Ric1p and Rgp1p form a complex that catalyses nucleotide exchange on Ypt6p

Affiliations

Ric1p and Rgp1p form a complex that catalyses nucleotide exchange on Ypt6p

S Siniossoglou et al. EMBO J. .

Abstract

Cells lacking the GTPase Ypt6p have defects in intracellular traffic and are temperature sensitive. Their growth is severely impaired by additional mutation of IMH1, which encodes a non-essential Golgi-associated coiled-coil protein.
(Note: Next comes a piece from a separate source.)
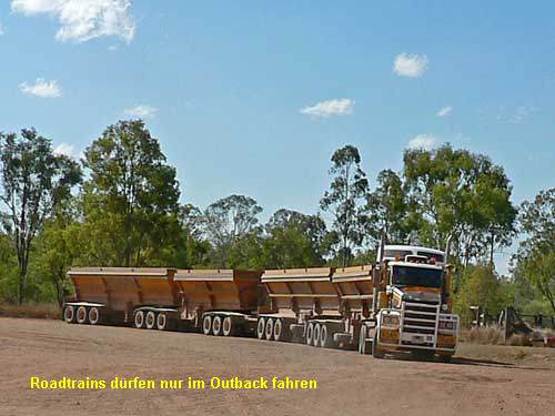 Unsere erste längere Fahrt führt uns von der Küste ins Outback zu den Lavatubes von Undara! Weiter werden wir uns nicht in die Einöde vorwagen. Auf der Fahrt begegnen uns Roadtrains mit über fünfzig Metern Länge, die keinen Millimeter vom Asphalt weichen. Wir flüchten stets in unserer eigenen Staubwolke auf den unbefestigten Seitenstreifen. Traudel findet das sowieso besser. Die Dreckwolke dieser Riesen würde uns wohl ersticken.

A screen for mutants that, like ypt6, specifically impair the growth of imh1 cells led to the identification of RIC1. Ric1p forms a tight complex with a previously uncharacterized protein, Rgp1p. The Ric1p-Rgp1p complex binds Ypt6p in a nucleotide-dependent manner, and purified Ric1p-Rgp1 stimulates guanine nucleotide exchange on Ypt6p in vitro. Deletion of RIC1 or RGP1, like that of YPT6, blocks the recycling of the exocytic SNARE Snc1p from early endosomes to the Golgi and causes temperature-sensitive growth, but this defect can be relieved by overexpression of YPT6. Ric1p largely colocalizes with the late Golgi marker Sec7p. Ypt6p shows a similar distribution, but this is altered when RIC1 or RGP1 is mutated. We infer that the Ric1p-Rgp1p complex serves to activate Ypt6p on Golgi membranes by nucleotide exchange, and that this is required for efficient fusion of endosome-derived vesicles with the Golgi.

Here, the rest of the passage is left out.